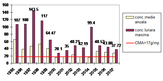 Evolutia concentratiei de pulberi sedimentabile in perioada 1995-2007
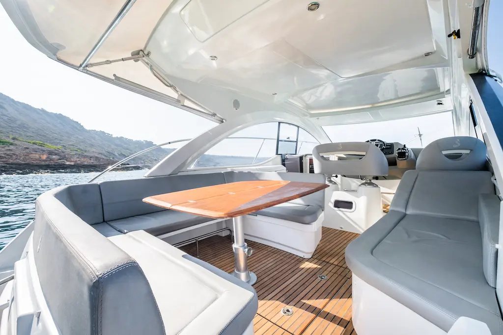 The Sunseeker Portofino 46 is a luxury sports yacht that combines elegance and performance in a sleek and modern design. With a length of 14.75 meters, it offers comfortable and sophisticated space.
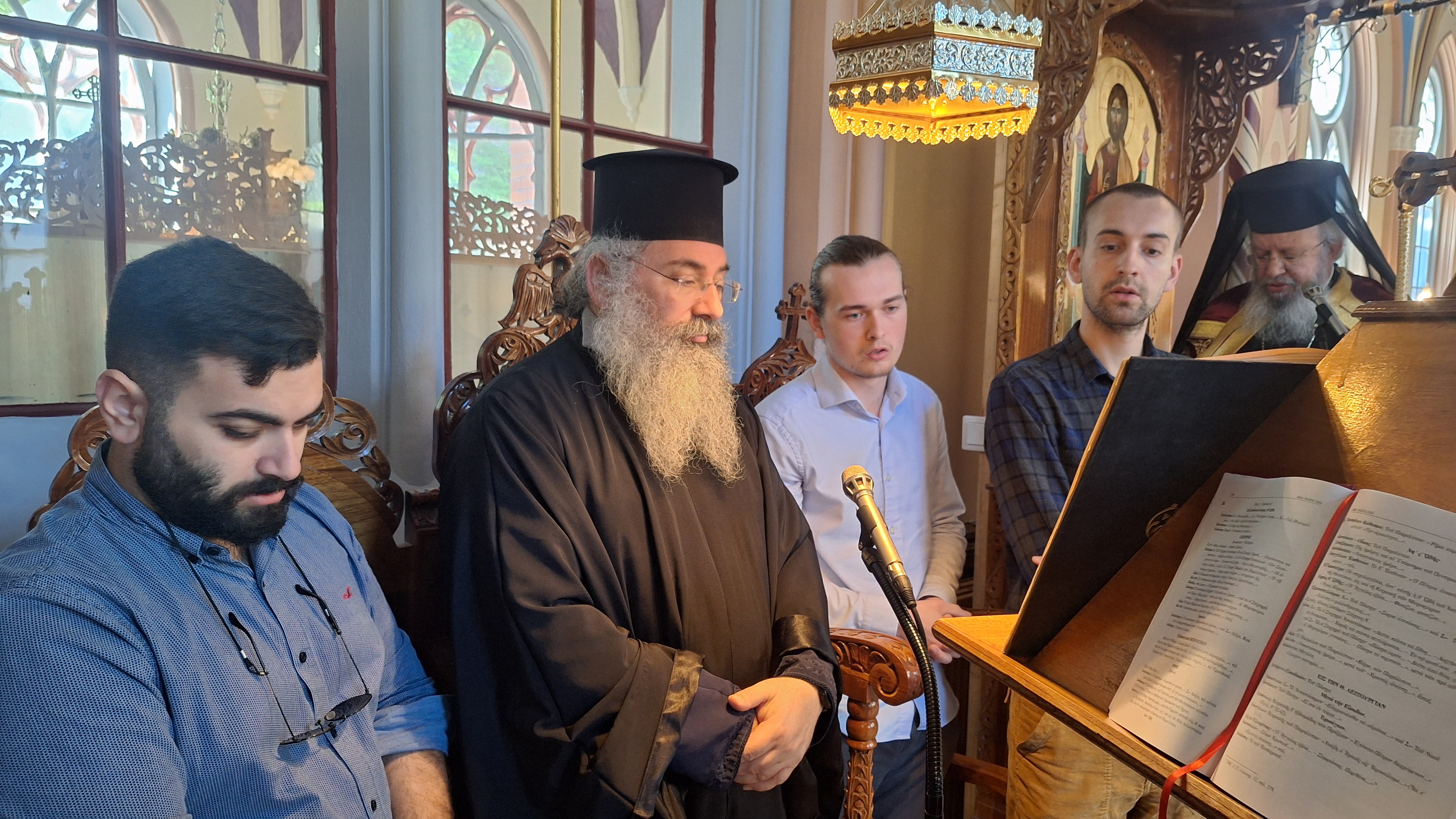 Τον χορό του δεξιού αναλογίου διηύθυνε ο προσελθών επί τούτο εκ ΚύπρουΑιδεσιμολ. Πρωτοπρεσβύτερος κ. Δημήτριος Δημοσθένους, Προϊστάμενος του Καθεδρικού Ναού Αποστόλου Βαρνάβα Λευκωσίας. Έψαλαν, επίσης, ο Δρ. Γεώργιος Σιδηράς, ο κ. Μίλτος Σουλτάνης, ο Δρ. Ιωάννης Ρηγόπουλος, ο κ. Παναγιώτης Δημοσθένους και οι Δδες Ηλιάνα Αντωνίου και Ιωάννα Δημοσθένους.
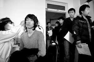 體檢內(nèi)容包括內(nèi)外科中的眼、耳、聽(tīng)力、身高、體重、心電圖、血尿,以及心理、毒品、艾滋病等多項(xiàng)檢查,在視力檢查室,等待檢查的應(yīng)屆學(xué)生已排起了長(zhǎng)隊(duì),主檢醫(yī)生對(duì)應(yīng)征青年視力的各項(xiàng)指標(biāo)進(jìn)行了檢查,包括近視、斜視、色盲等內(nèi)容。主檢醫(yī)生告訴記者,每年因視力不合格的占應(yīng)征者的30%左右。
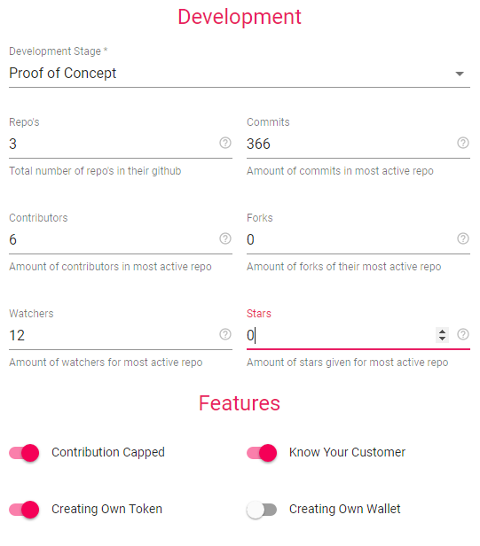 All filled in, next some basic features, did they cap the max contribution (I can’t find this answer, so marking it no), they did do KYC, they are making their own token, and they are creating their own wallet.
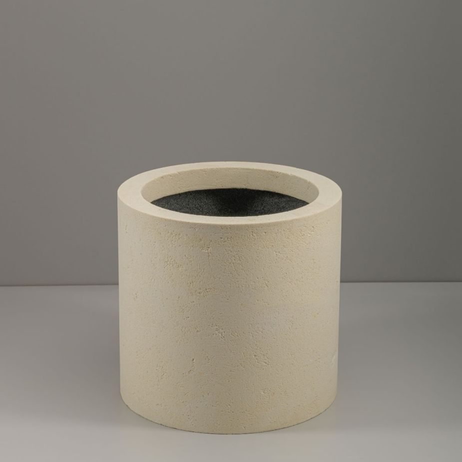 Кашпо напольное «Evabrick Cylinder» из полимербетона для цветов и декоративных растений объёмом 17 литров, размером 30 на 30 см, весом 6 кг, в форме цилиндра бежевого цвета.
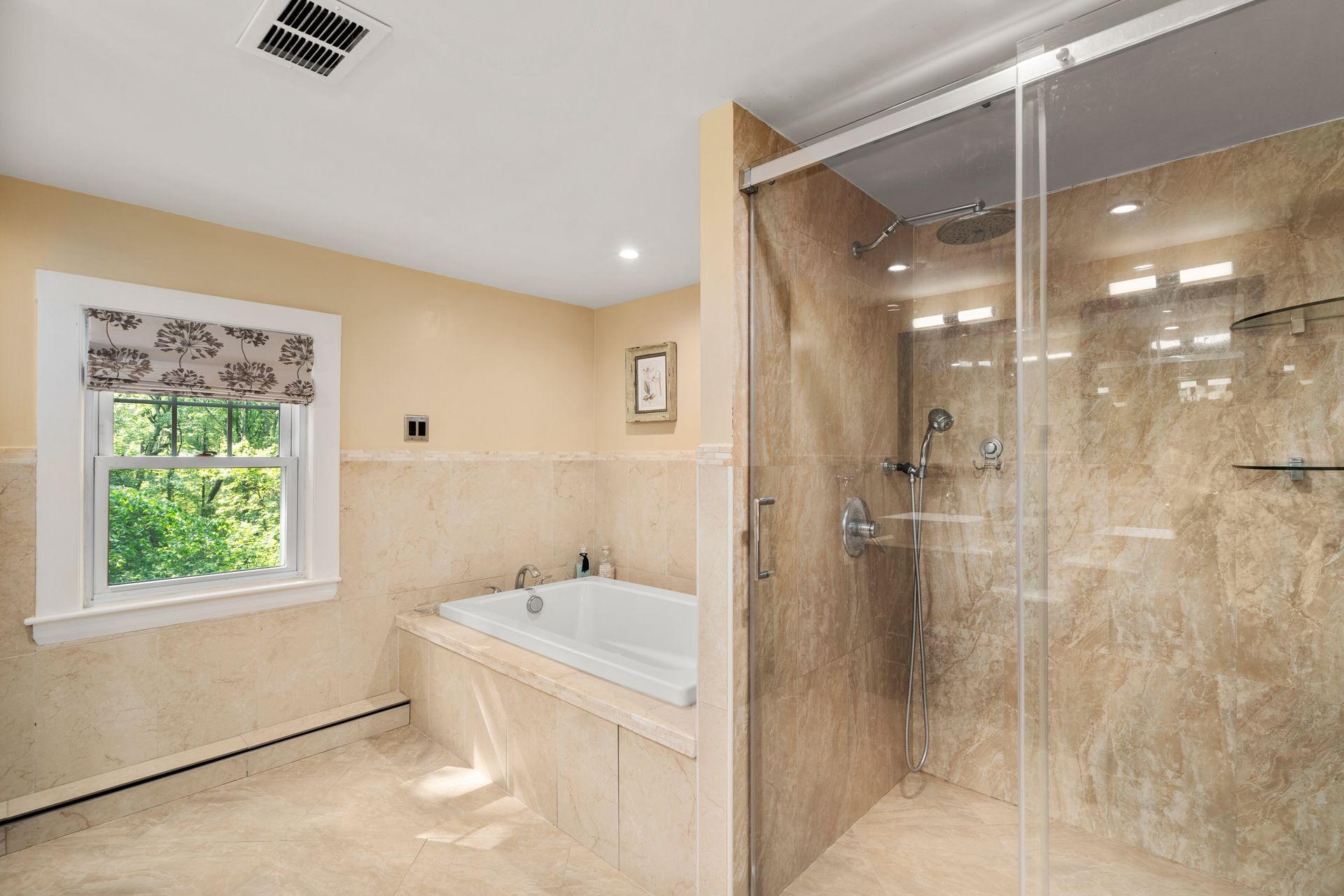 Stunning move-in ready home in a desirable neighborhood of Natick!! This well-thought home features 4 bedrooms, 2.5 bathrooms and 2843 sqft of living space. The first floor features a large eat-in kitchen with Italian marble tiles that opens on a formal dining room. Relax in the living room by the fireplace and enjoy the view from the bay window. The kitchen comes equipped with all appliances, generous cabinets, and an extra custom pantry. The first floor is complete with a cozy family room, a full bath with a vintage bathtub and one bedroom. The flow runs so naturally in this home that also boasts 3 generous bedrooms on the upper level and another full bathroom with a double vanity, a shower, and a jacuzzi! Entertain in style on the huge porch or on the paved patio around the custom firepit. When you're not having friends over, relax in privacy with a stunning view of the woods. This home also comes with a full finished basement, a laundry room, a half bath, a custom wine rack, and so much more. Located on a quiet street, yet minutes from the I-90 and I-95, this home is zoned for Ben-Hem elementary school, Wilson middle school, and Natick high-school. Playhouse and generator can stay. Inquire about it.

## THE TASK
The stretch to restate runs from the line above containing "All filled in, next" through the line containing "цилиндра бежевого цвета.". Copy it word for word, ends included, without pictures.

## SOLUTION FOR THIS PROBLEM
 All filled in, next some basic features, did they cap the max contribution (I can’t find this answer, so marking it no), they did do KYC, they are making their own token, and they are creating their own wallet.
 Кашпо напольное «Evabrick Cylinder» из полимербетона для цветов и декоративных растений объёмом 17 литров, размером 30 на 30 см, весом 6 кг, в форме цилиндра бежевого цвета.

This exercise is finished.